Last weekend, the Senate passed and sent to President Obama the Consolidated Appropriations Act that provides $447 billion in Fiscal Year 2010 appropriations for nine cabinet departments and a wide array of independent federal agencies. Deep inside the bill’s conference managers’ statement is a series of instructions to the Economic Development Administration (EDA) to build a regional innovation clusters program. With that action, amid the billions authorized for far more massive programs, a small item with significant potential passed into law and metropolitan leaders of all stripes should be delighted.
As we’ve blogged several times, the clusters program represents a new approach to economic policy, one that aims to harness the creative, competitive energies of industry at the ground level.
While Congress provides nowhere near the $50 million requested by the president, it clearly sees a growing, productive federal role in clusters development and lays the groundwork for this effort.
The funding haircut reflects political priorities rather than a disagreement on substance. Congress didn’t give the requested clusters program funding because the president wanted to pay for it and a companion $50 million small business incubators proposal by slashing by two-thirds the politically popular EDA public works program. So Congress moved the $100 million back to the public works account, leaving just a few million dollars available for clusters grants.

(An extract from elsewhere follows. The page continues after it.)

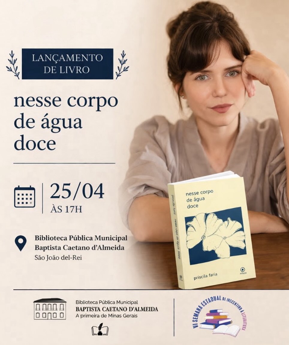O lançamento do livro “nesse corpo de água doce”, de Priscila Faria, será realizado no dia 25 de abril de 2026 (sábado), às 17h, na Biblioteca Pública Municipal Baptista Caetano d’Almeida, em São João del-Rei (MG). A atividade integra a programação da VI Semana Estadual de Incentivo à Literatura, iniciativa voltada à promoção do livro, da leitura e da produção literária em Minas Gerais.

However—as bad as a cut from $50 million to, say, $4 million might seem, the conference managers’ report provides good news on several fronts:
· While funding is limited, the conferees are clear that they want EDA to make cluster grants now. These are to be mostly planning grants that “identify local clusters for development.” Planning grants are small, so a mere $2.5 million could fund 50 $50,000 planning grants. Fifty grantees laying the groundwork for future clusters development efforts would provide the foundation and the rationale for the larger clusters grant funding in the future. Emphasizing their interest in immediate action, the conferees tell EDA to provide quarterly progress reports on funding cluster awards and to create performance measures for future evaluation
· For next fiscal year, the conferees instruct EDA to increase proposed funding for regional innovation clusters but without (doing the politically dumb thing of) taking money out of the public works account. In other words, the conferees are saying they’re all for clusters if the president doesn’t rob a popular Peter to pay a promising but unknown Paul
· The conferees gave the EDA research account enough money to start up the clusters research and information center proposed by the president. This is a big deal—building a picture of the geography of clusters and cluster organizations is a high impact, low cost means to catalyze cluster development through good information
· Finally, the conferees recognize that a number of federal agencies provide cluster support and direct EDA to develop a means for interagency coordination and report back to Congress in 90 days. In other words, the conferees want to institutionalize and rationalize federal clusters activity.
So the nation now has on the books a progressive, catalytic, and sensible, albeit small, federal program that will begin the work of supporting bottom-up regional innovation. Not far off from the outline we proposed on the subject nearly two years ago. EDA’s tiny new program strikes us as a big deal.